Study of the plausibility of generated counterfactuals

The objective of this notewokk is to study the plausibility of the counterfactuals generated by VCNet. We want to assess two properties of the generated counterfactuals :

are the generated counterfactuals in the distribution of the examples? If not, some generated examples may be seen as unrealistic.
are the generated counterfactuals diverse? If not, this would mean that VCNet generates always the same counterfactuals (overfitting in the learning of the distribution of instances)

In this study, we will use synthetic data and compare the generation of counterfactuals by the Wachter method and by VCNet.
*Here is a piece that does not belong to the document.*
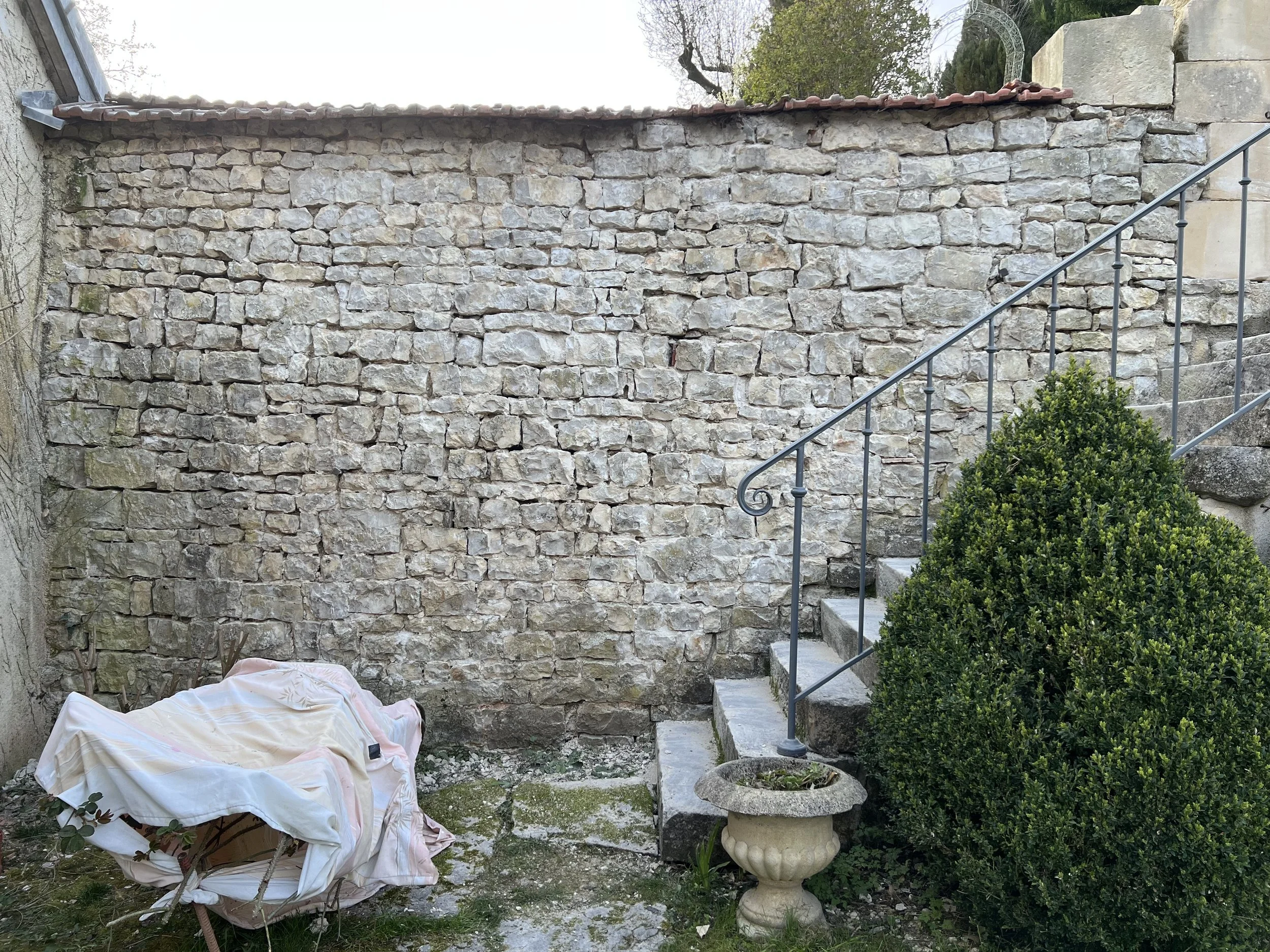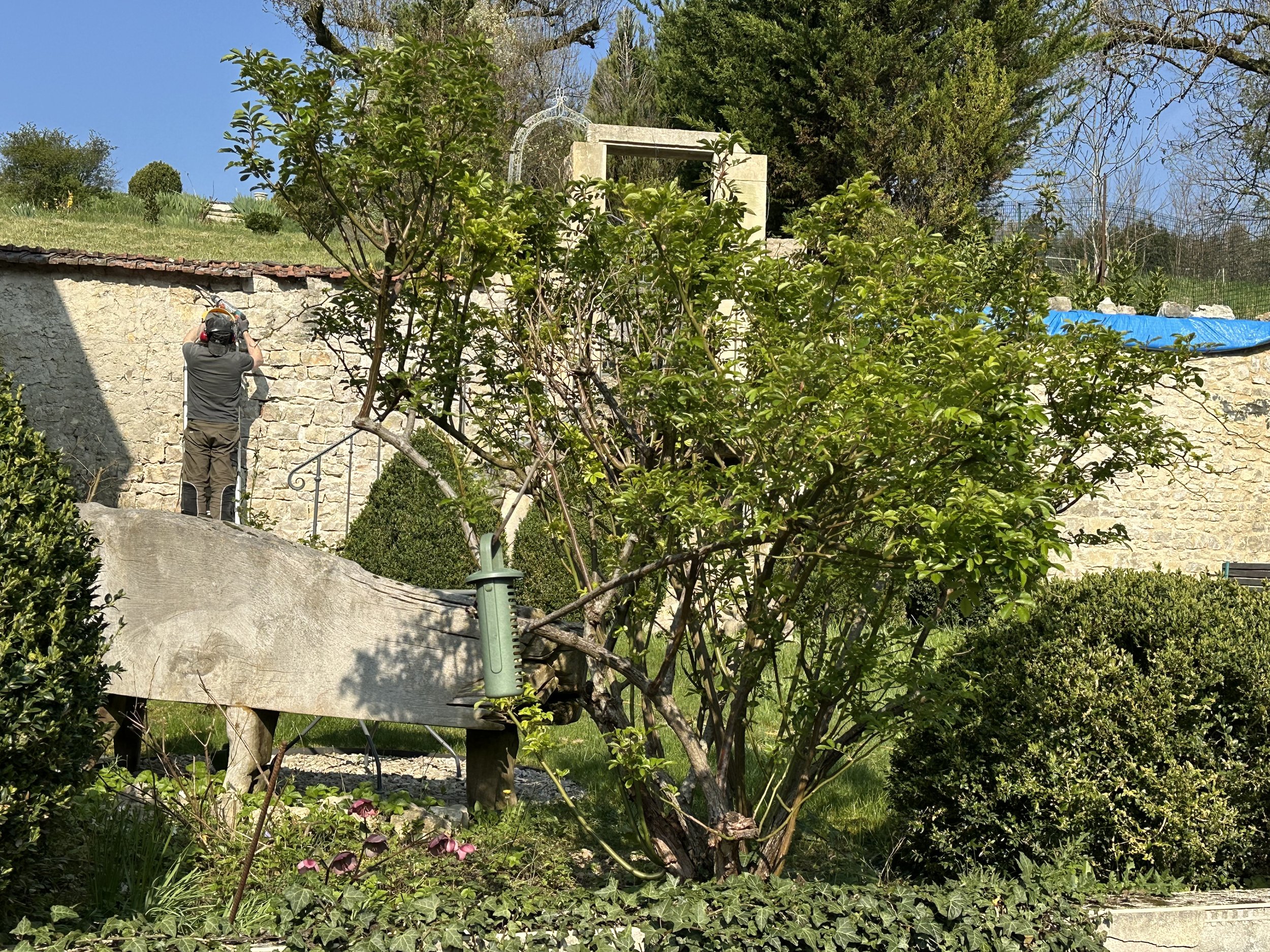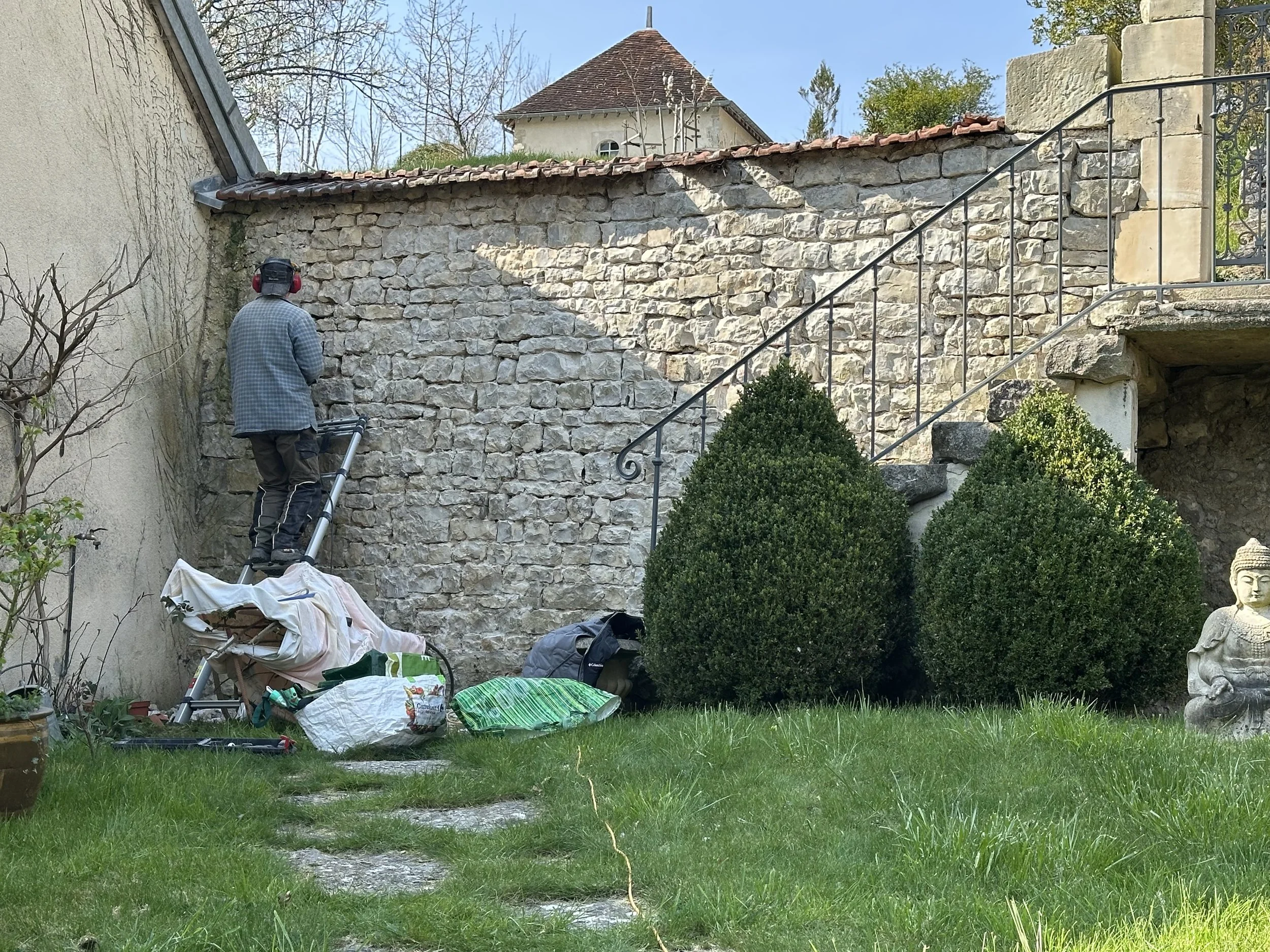 With a little encouragement from a friend, we decided the stone wall to the left of the steps needs the concrete chipping off, and the pointing replaced with chaux. It will be so much more in keeping with the wall on the right that they did last year.

Let first install some useful library for these experiments and then load all the required libraries.

[ ]:

!pip install openTSNE
!pip install seaborn
!pip install tensorboard
!pip install tensorboardX

[ ]:

import pandas as pd
import numpy as np
import torch
import matplotlib.pyplot as plt
import seaborn as sns
import lightning as L
from lightning.pytorch.loggers import TensorBoardLogger
from openTSNE import TSNE

[ ]:

from vcnet import DataCatalog, VCNet
from vcnet import PHVCNet
from vcnet import SKLearnClassifier

Test VCNet on synthetic data

In this section, we test VCNet on simple synthetic datasets. Datasets are generated on the principle of blobs with two classes: class centers are randomly generated using a uniform law, and then, samples are generated around this center according to a normal distribution (with fixed variance).

[ ]:

np.random.seed(531)

class_size = 2
nbpd = 1000
num_features = 5

[ ]:

class_centers = np.random.uniform(low=-10, high=10, size=(class_size, num_features) )
class_spreads = np.random.uniform(low=0, high=3, size=(class_size, num_features) )

print(class_centers)

[ ]:

samples = []
labels = []

for c in range(class_size):
    # domain-class center C_dc
    class_center = class_centers[c]  # (num_features,)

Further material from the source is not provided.